Taking together the five largest European mobile markets – Germany, France, UK, Italy and Spain – paints a picture that should cause some alarm. Despite the rise of smartphones and dongles, overall quarterly mobile revenues are down 10% on their peak from Q3 2009; falling from €24.7bn to €22.2bn in Q1 2012. Even accounting for seasonality, this is significant (a €10bn annualised shortfall) – and early results suggest the fall accelerated in Q2 2012, as economic and competitive factors bit deeper into sales, with recessions in several countries and new entrants such as Free in France.

Worse, if we just look at voice revenues, the market is now down 25% from its peak in Q2 2009, and that fall seems to be accelerating. While declining voice ARPU is not a huge surprise, the failure of other services to take up the slack is disappointing, especially as the source of new business – basic data connectivity – also is the most capex-hungry in terms of extra costs of new spectrum and 3G/4G build-out.

Figure 2: EU5 Mobile Services revenue already down 10% from 2009 peak

EU5 Mobile Services Revenues Chart, Telco 2.0, Oct 2012
Source: STL Partners

A set of cold-blooded forecasts for UK, France, Germany, Italy and Spain

To the best of our knowledge, nobody else has made forecasts that are both dispassionate and founded on hard data and bottom-up analysis.

Too many analyst (and we suspect internal) financial models seem to suggest that ‘It’ll be alright, somehow… telecoms operators need to harvest cash from voice and messaging, grow data and find some new revenues, but there’s plenty of options’. STL Partners is questioning the first and second premises in the statement above – about harvesting voice and messaging and growing broadband data – not because we’re pessimists, but because we think that many in the industry are not acknowledging the scale of the problems ahead and making the necessary (and often uncomfortable) decisions early enough.

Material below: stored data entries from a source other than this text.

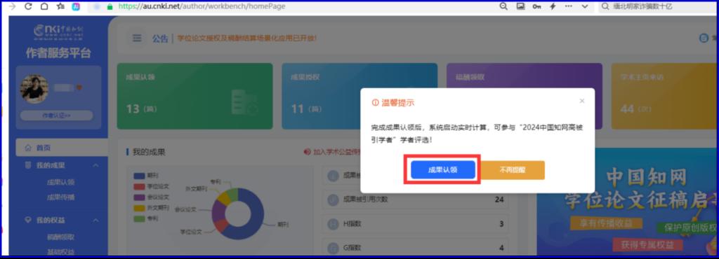 登录“作者服务平台”(au.cnki.net)进行成果认领,这一步骤至关重要,将直接影响到作者的学术成果能否被正确计算,进而影响是否能够荣登中国知网高被引学者名单。
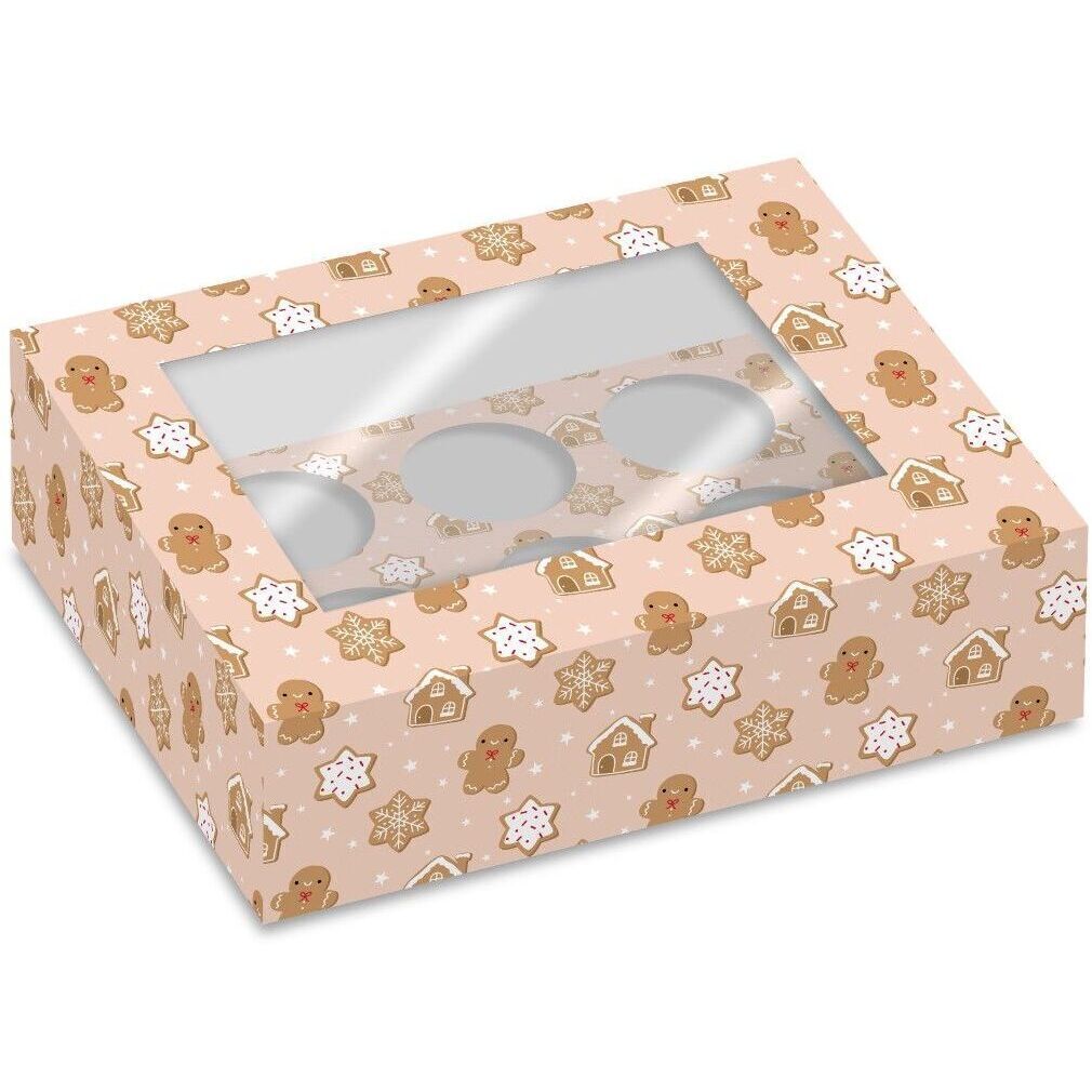 Caja de 25,5 x 17 x 8 cm para cupcakes de muñeco de jengibre - 2 unidades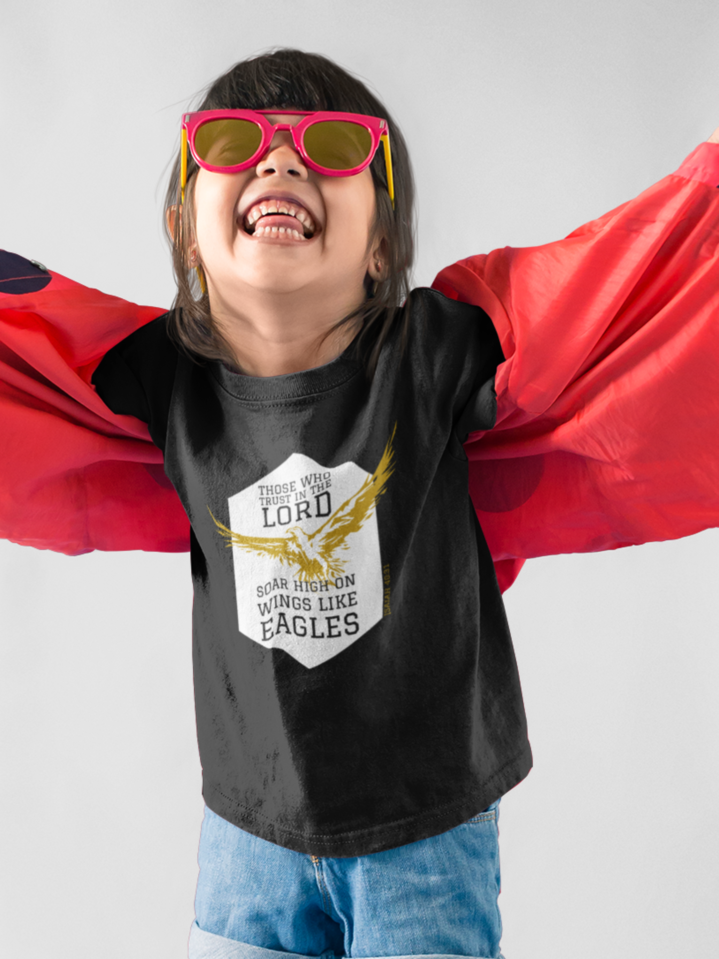 Black "Soar high on wings like Eagles" girls christian t-shirt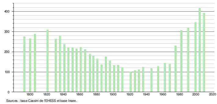- ↑ Dans le tableau des recensements et le graphique, par convention dans Wikipédia, le principe a été retenu, pour les populations légales postérieures à 1999 de n’afficher dans le tableau des recensements et le graphique que les populations correspondant à l'année 2006, première population légale publiée calculée conformément aux concepts définis dans le décret no 2003-485 du 5 juin 2003, et les années correspondant à une enquête exhaustive de recensement pour les communes de moins de 10 000 habitants, ainsi que la dernière population légale publiée par l’Insee.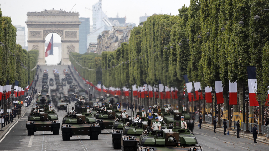 Lễ duyệt binh kỷ niệm quốc khánh Pháp sáng 14/7 được tổ chức theo nghi thức truyền thống trên Đại lộ Champs-Elysees tại Paris với sự tham gia của hơn 4.300 binh sĩ, 196 phương tiện cơ giới, 237 ngựa, 69 máy bay và 39 trực thăng, khiến buổi lễ hoành tráng tại thủ đô Paris nhân kỷ niệm 230 năm ngày quốc khánh Pháp gửi đi thông điệp về khả năng hợp tác quân sự ở châu Âu giữa bối cảnh rạn nứt quan hệ Âu - Mỹ.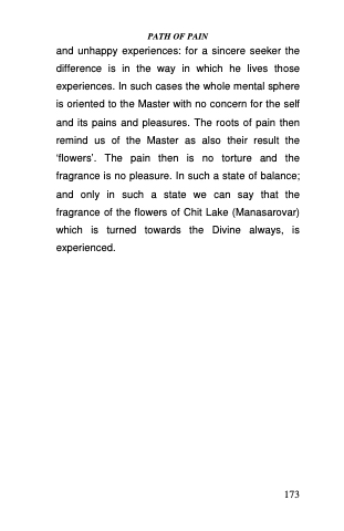 and unhappy experiences: for a sincere seeker the difference is in the way in which he lives those experiences. In such cases the whole mental sphere is oriented to the Master with no concern for the self and its pains and pleasures. The roots of pain then remind us of the Master as also their result the ‘flowers’. The pain then is no torture and the fragrance is no pleasure. In such a state of balance; and only in such a state we can say that the fragrance of the flowers of Chit Lake (Manasarovar) which is turned towards the Divine always, is experienced.

Views vary widely on the outlook for mobile telecoms in Europe

It is fair to say that the fixed telecoms industry has undergone enough pain over the last decade to be under no illusions about its challenges. Operators realise that they face a continued hard slog against competition, regulation, content providers and indifferent consumers. They have increasingly focused on businesses, wholesale models and specific high-value niches like fibre-based triple-play. Deployment of FTTC/FTTH has been patchy, as they have realised that political support doesn’t equate to revenue uplift or return on capital.

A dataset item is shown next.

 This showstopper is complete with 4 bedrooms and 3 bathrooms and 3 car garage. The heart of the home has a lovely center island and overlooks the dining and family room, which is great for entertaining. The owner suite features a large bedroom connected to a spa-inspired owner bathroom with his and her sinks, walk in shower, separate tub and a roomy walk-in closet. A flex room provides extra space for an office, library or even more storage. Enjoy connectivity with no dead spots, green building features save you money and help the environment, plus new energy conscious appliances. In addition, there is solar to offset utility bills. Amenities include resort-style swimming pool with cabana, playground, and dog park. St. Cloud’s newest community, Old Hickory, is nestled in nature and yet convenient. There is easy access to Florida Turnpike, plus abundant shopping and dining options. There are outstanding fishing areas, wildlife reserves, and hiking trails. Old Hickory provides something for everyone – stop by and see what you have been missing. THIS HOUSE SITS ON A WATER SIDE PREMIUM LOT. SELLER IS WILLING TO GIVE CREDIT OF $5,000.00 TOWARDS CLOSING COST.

Conversely, the mobile industry has pinned its hopes on LTE, data services and various collaboration and partnership business models. Some operators have essentially become Apple and Samsung resellers, offering credit-finance for expensive devices in the guise of handset subsidies. Plenty of other ideas, from mobile money to M2M to API exposure have been the subject of huge efforts. As yet, none has really moved the needle compared to the legacy telephony and SMS services that still make up a large (60%+) share of most operators’ top line revenues. The only bright spot has been plain-vanilla Internet access, initially with 3G dongle modems for PCs, and more recently for smartphone data plans. But the former has now gone largely ex-growth (thankfully, in some cases, given the traffic loads generated at low prices). And the latter faces growth challenges once most users have shifted to a smart device, as few users seem incentivised to upgrade to larger data plans so far.

Privately held view seems to be pessimistic…

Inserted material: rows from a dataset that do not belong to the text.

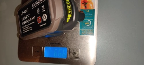 Аккумулятор абсолютно левый, сравните сами вес родного 4 Ah - 726 грамм, и этой поделки якобы 6 Ah - 666 грамм. Тут некоторые не сильно умные покупатели связывают его ёмкость со временем зарядки. Зарядка вообще ни при чем, он вообще криво заряжается и конфликтует с оригинальным зарядным устройством. Мигают по очереди красный и зелёный огоньки, но кое-как заряжается. Он может заряжаться сутки, это ничего не значит. В реальности моя газонокосилка с оригинальным 4 Ah работает 20 минут, с этим около 13 минут. Думаю, его реальная ёмкость 2.5-3 Ah, и в любой момент станет ещё меньше. Начитался хвалебных отзывов всяких дурачков и в итоге наши китайские "друзья" поимели меня в очередной раз. Не стесняюсь в этом признаться, но вы будьте мудрее. Заказ был с курьерской доставкой, в итоге пришло в "Пятёрочку". И тут китайские жулики обманули.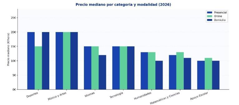 Precio mediano por categoría y modalidad (2026). Fuente: TusClasesParticulares.com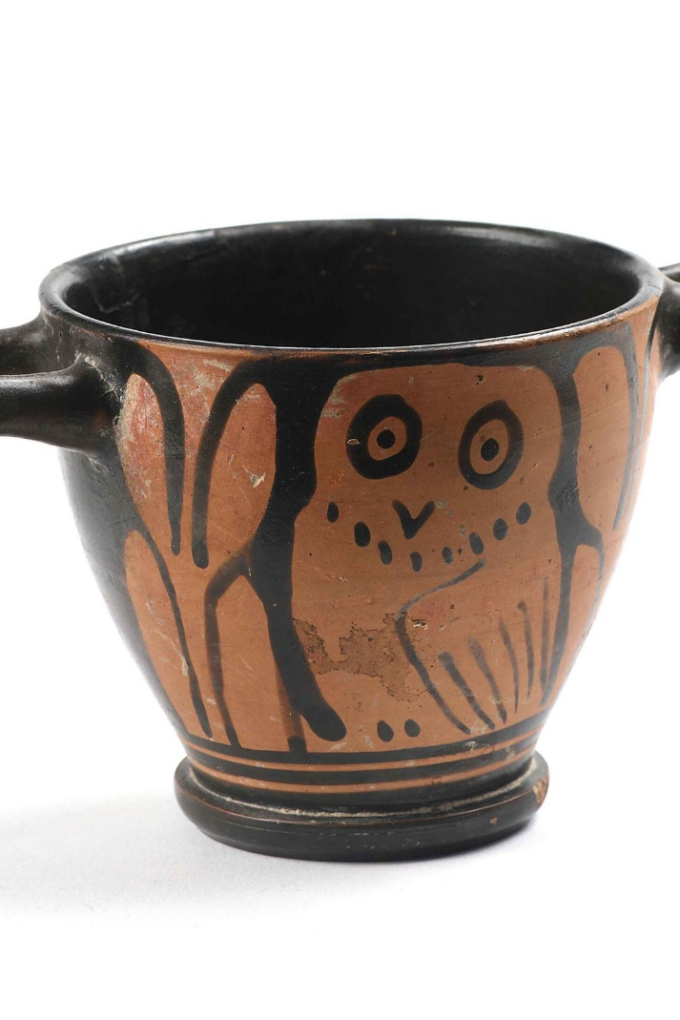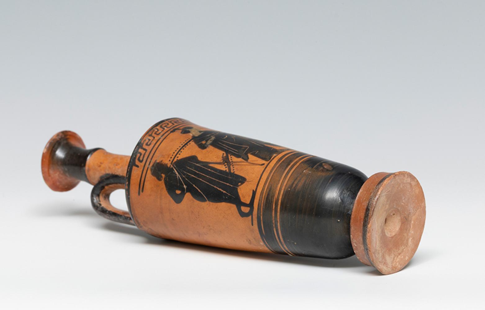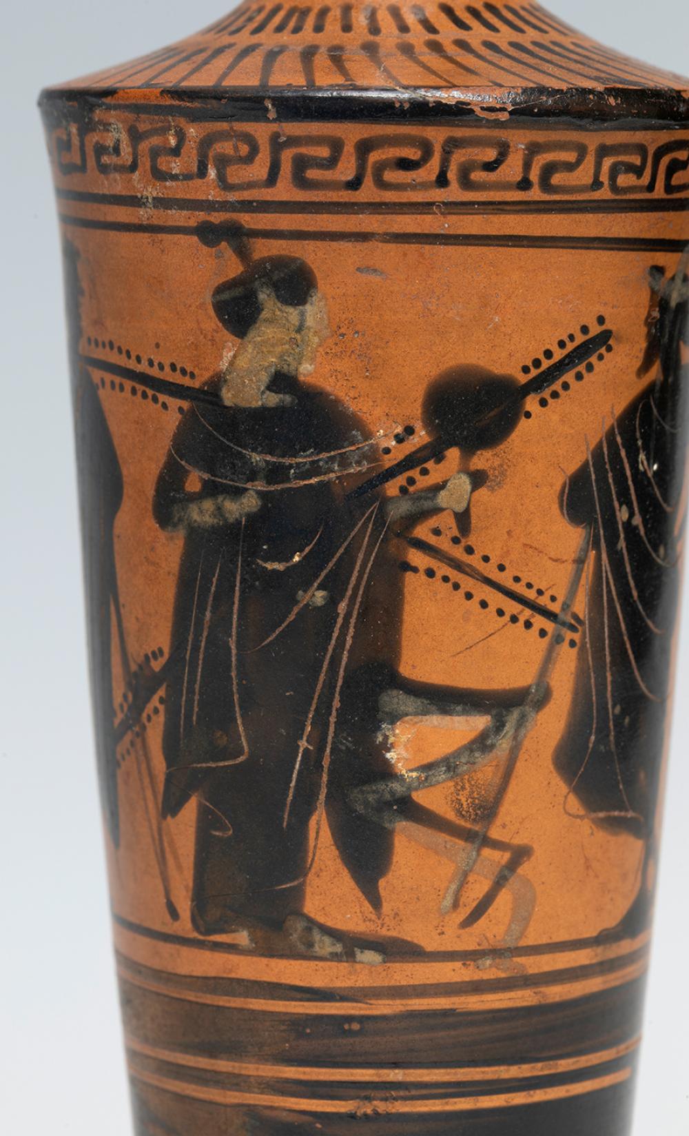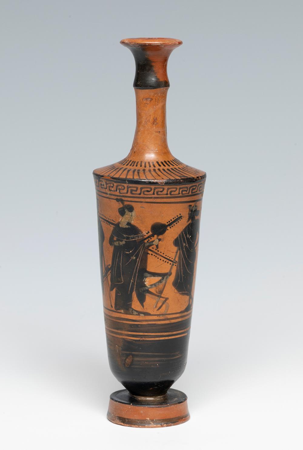 Lekythos ático elaborado mediante la técnica de figuras negras. Utilizado para almacenar aceites corporales.De cuerpo cónico, hombro ancho, cuello esbelto, asa en forma de D y base discoidal. Finamente pintado mediante la técnica de figuras negras, con amplios detalles incisos y detalles pintados en blanco. Presenta un friso figurativo compuesto por una escena de una figura femenina drapeada, flanqueada por dos figuras masculinas enfrentadas vestidas con himation. Una columna detrás de la figura izquierda. Rayos radiales alrededor del hombro y friso de meandro griego.

In private discussions with operator executives, we encounter a fair level of pessimism, especially about voice and SMS revenues. At our conferences, we have asked senior executives (using our anonymised voting system) about possible price and value erosion, and are often surprised by how far and fast telcos seem to think these core services will dwindle.

Figure 3: Example Telco 2.0 delegate view of 3-year voice revenue decline

Euro Mobile: The Future's Brutal - delegate views, Telco 2.0, Oct 2012
Source: Delegate Vote, New Digital Economics Executive Brainstorm, November 2011

…yet publicly, there is much less acknowledgement of the scale of the issue.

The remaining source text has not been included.